▸ **WORK ORDER**
All records below must be written out exactly, with the pictures excluded.

Saved data entries:
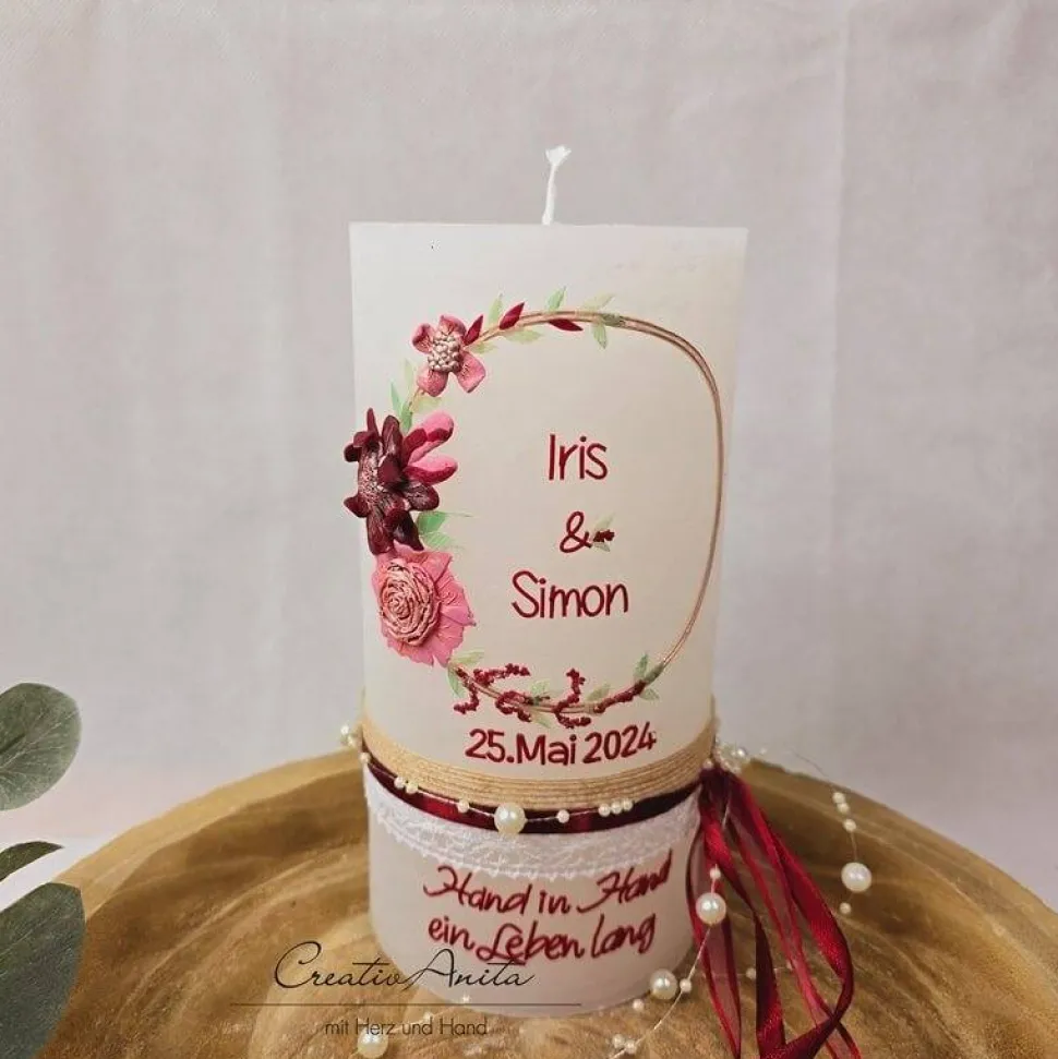 Deswegen ist jede einzelne Kerze ein wunderschönes Unikat und kleinere Abweichungen vom Foto sind dadurch natürlich möglich.
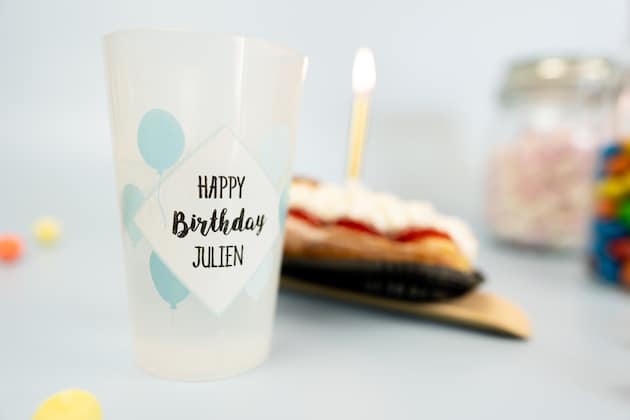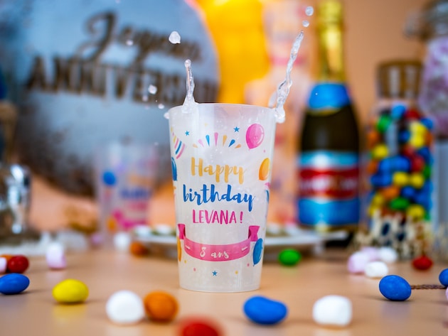 7. Distribuez les gobelets lors de la fête : Lors de la fête, placez les gobelets personnalisés sur une table dédiée, ou distribuez-les à l’arrivée à vos invités. Cela ajoutera une touche spéciale à la soirée.
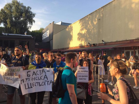 Вчора під стінами Stereo Plaza, що на проспекті Валерія Лобановського, відбулася акція протесту проти концерту. Люди тримали в руках плакати "Баста фінансує російську армію", "Зеленський кришує рашистів", "Крим - це Україна. І на цьому баста!", "Баста - путінська шестьорка".
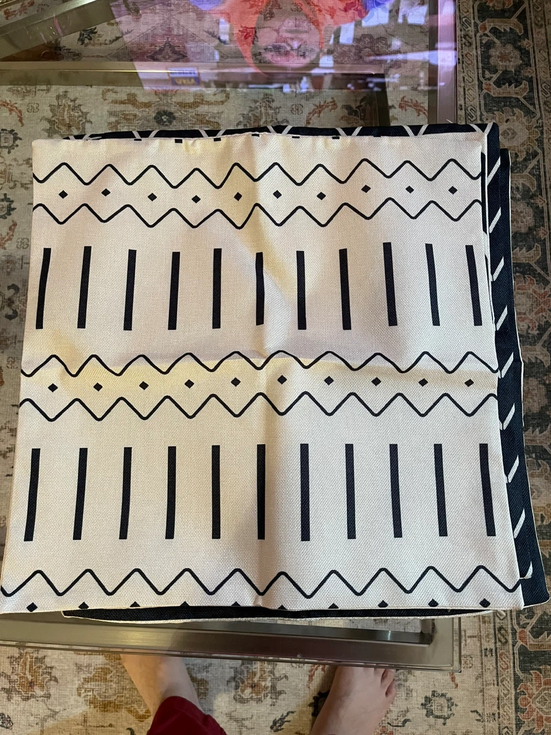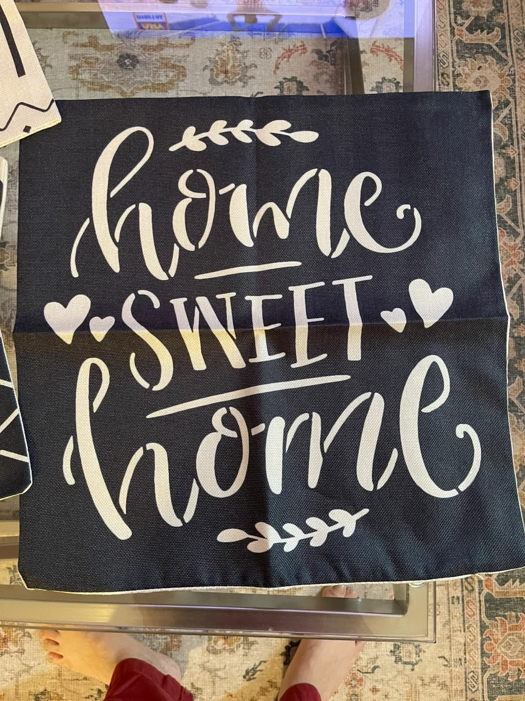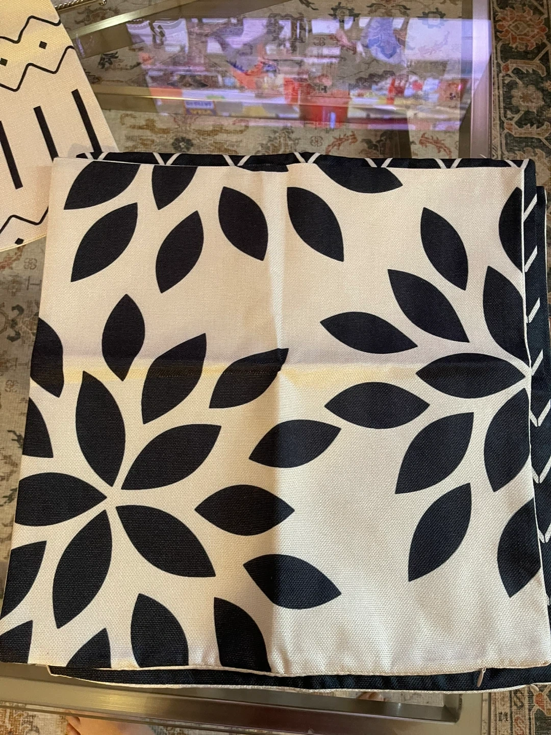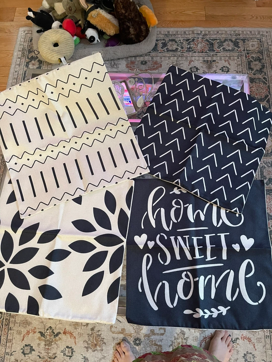 Spruce up your living space with this set of four decorative throw pillow covers! They feature a mix of black and white patterns, including geometric designs, leaf motifs, and a 'Home Sweet Home' print. Perfect for adding a touch of style to your couch or bed. 18”/18”
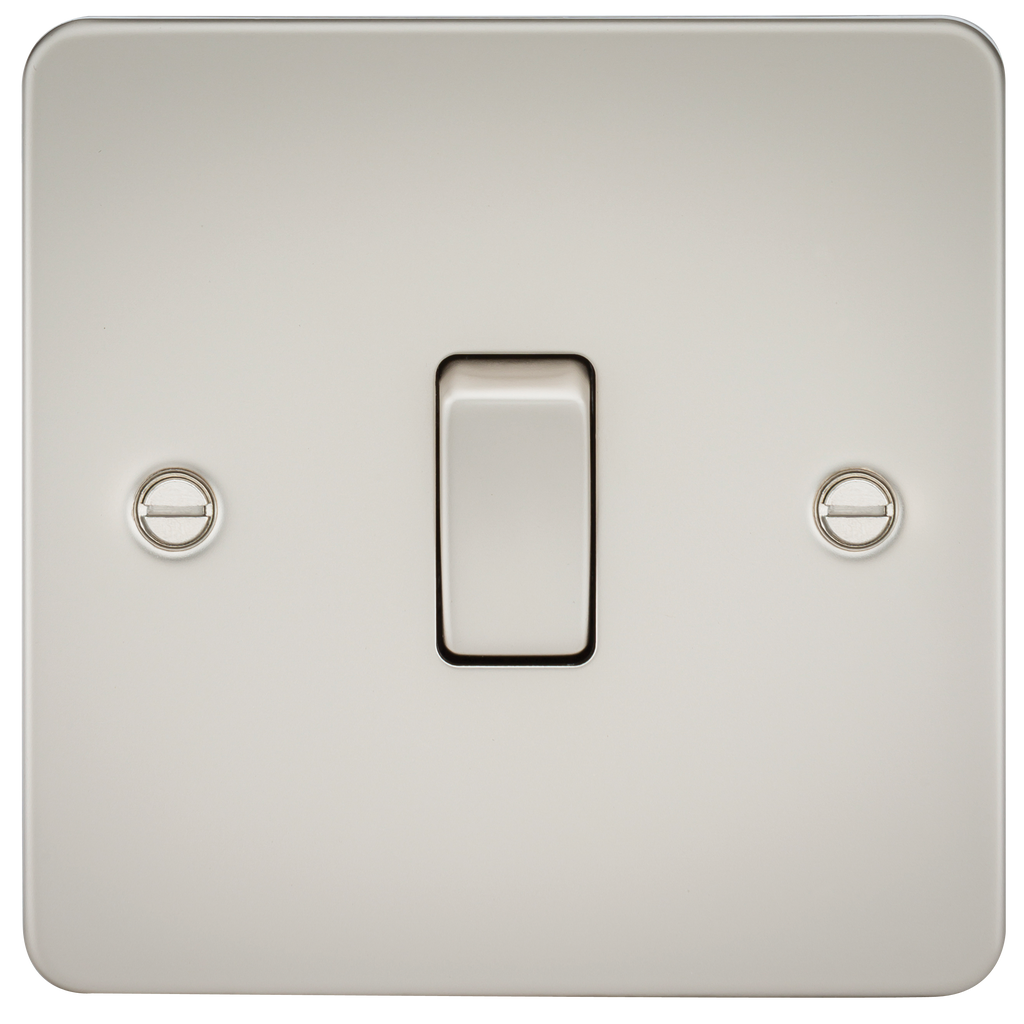 Ideal for fixed appliances such as water heaters, Flat Plate low profile metal design with matching rocker - 20A rated - Double pole - Ultra low profile design with built in gasket - Certified to EN 60669-1 - Minimum mounting box depth 25mm
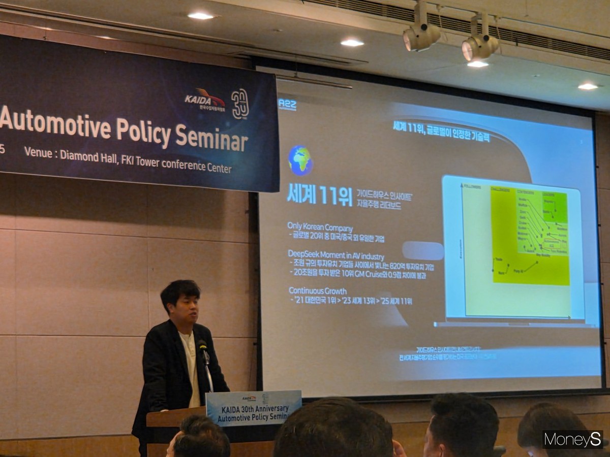 이날 진행된 정책세미나 1부 행사에서는 국내 자율주행 대표 기업 오토노머스 에이투지(Autonomous A2Z)의 유민상 상무가 '자율주행자동차 현주소와 해외사례를 통한 시사점'이라는 주제로 첫 발표자로 나섰다. 유 상무는 주제발표를 통해 "자율주행차 시대로의 전환과 경쟁력 확보는 자율주행차 생태계 기반 조성에 있어 기업과 학계의 연구와 투자와 노력 그리고 정부의 정책적 지원과 유연한 제도 운영 등 관련 자원의 융합과 협력이 첫 단추"라고 주장했다.
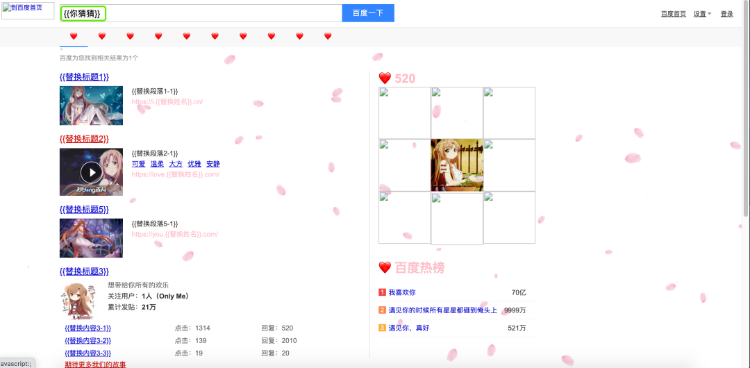 这是一个用来表白的高仿百度。当你点击百度一下,便会展示你准备好的动画,最终进入的检索结果网页的内容也都是可以配置的。
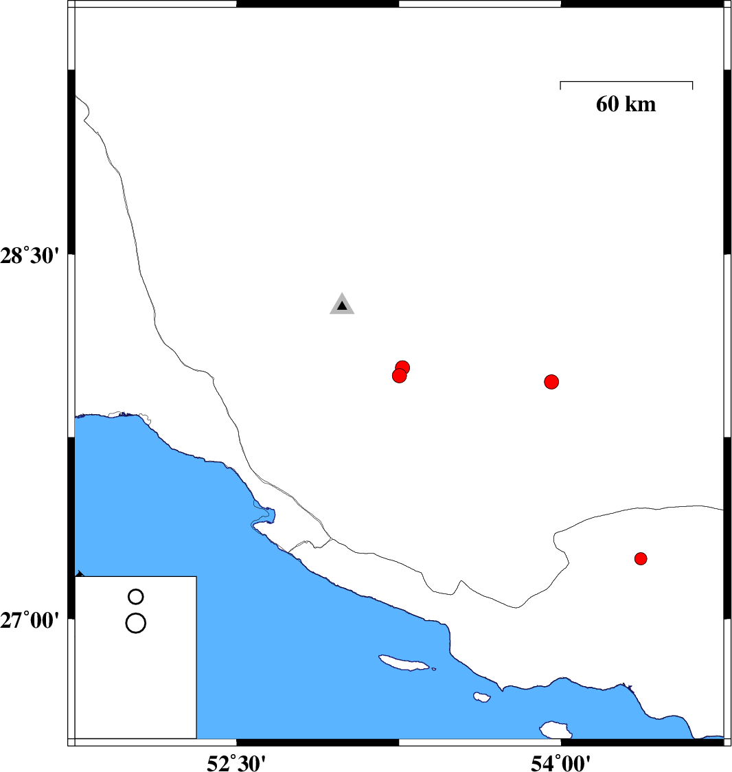 | 2016/02/23 | 05:26:40.7 | 08:56:40.7 | 28.003 | 53.252 | 14 | ML:2.9 | Fars Province, 56 km South-East of Qir va Karzin | ||
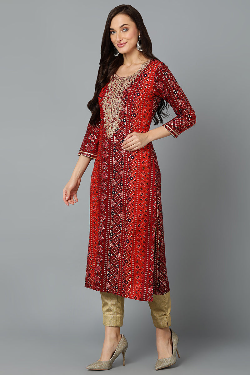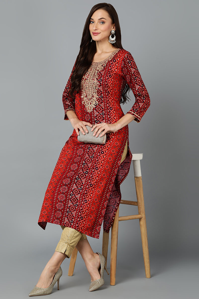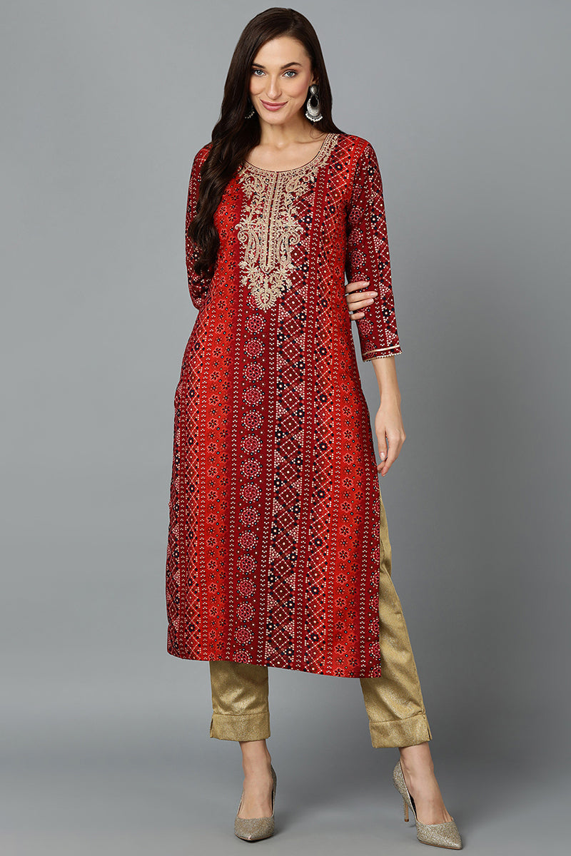 Cotton Blend Maroon Printed Straight Kurta VCK9238
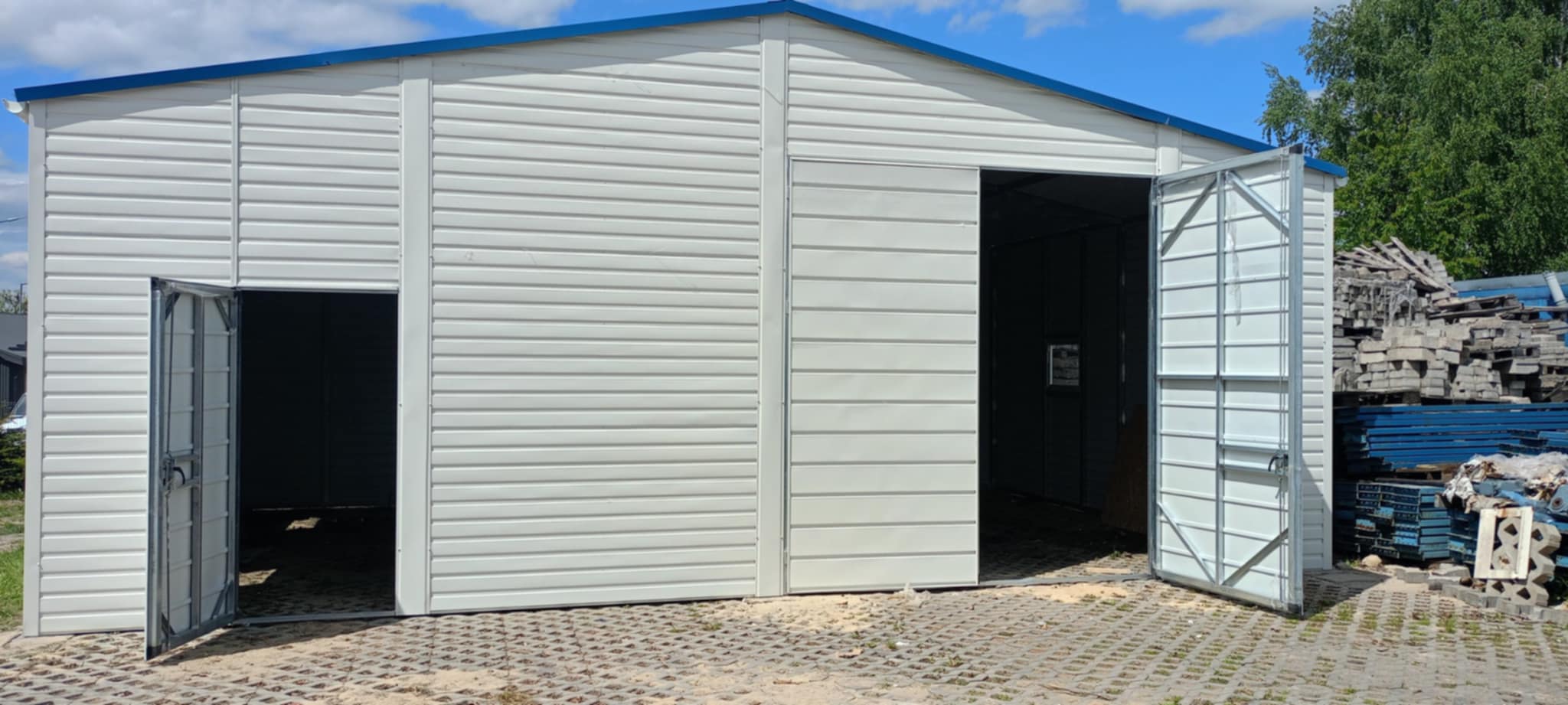 Garaż blaszany/Hala dwuspadowy 9x6m Biały RAL
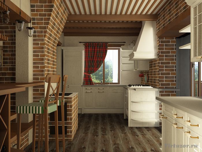 In diesem Fall ist die Decke nicht gestrichen.Es kann jedoch vollständig mit heller Farbe gestrichen oder die Balken im Kontrast hervorgehoben werden - die Optionen können unterschiedlich sein.
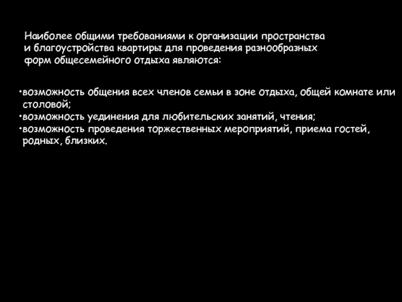 Слайд 19Наиболее общими требованиями к организации пространства и благоустройства квартиры для проведения

▸ **TASK RESULT**
 Deswegen ist jede einzelne Kerze ein wunderschönes Unikat und kleinere Abweichungen vom Foto sind dadurch natürlich möglich.
 7. Distribuez les gobelets lors de la fête : Lors de la fête, placez les gobelets personnalisés sur une table dédiée, ou distribuez-les à l’arrivée à vos invités. Cela ajoutera une touche spéciale à la soirée.
 Вчора під стінами Stereo Plaza, що на проспекті Валерія Лобановського, відбулася акція протесту проти концерту. Люди тримали в руках плакати "Баста фінансує російську армію", "Зеленський кришує рашистів", "Крим - це Україна. І на цьому баста!", "Баста - путінська шестьорка".
 Spruce up your living space with this set of four decorative throw pillow covers! They feature a mix of black and white patterns, including geometric designs, leaf motifs, and a 'Home Sweet Home' print. Perfect for adding a touch of style to your couch or bed. 18”/18”
 Ideal for fixed appliances such as water heaters, Flat Plate low profile metal design with matching rocker - 20A rated - Double pole - Ultra low profile design with built in gasket - Certified to EN 60669-1 - Minimum mounting box depth 25mm
 이날 진행된 정책세미나 1부 행사에서는 국내 자율주행 대표 기업 오토노머스 에이투지(Autonomous A2Z)의 유민상 상무가 '자율주행자동차 현주소와 해외사례를 통한 시사점'이라는 주제로 첫 발표자로 나섰다. 유 상무는 주제발표를 통해 "자율주행차 시대로의 전환과 경쟁력 확보는 자율주행차 생태계 기반 조성에 있어 기업과 학계의 연구와 투자와 노력 그리고 정부의 정책적 지원과 유연한 제도 운영 등 관련 자원의 융합과 협력이 첫 단추"라고 주장했다.
 这是一个用来表白的高仿百度。当你点击百度一下,便会展示你准备好的动画,最终进入的检索结果网页的内容也都是可以配置的。
 | 2016/02/23 | 05:26:40.7 | 08:56:40.7 | 28.003 | 53.252 | 14 | ML:2.9 | Fars Province, 56 km South-East of Qir va Karzin | ||
 Cotton Blend Maroon Printed Straight Kurta VCK9238
 Garaż blaszany/Hala dwuspadowy 9x6m Biały RAL
 In diesem Fall ist die Decke nicht gestrichen.Es kann jedoch vollständig mit heller Farbe gestrichen oder die Balken im Kontrast hervorgehoben werden - die Optionen können unterschiedlich sein.
 Слайд 19Наиболее общими требованиями к организации пространства и благоустройства квартиры для проведения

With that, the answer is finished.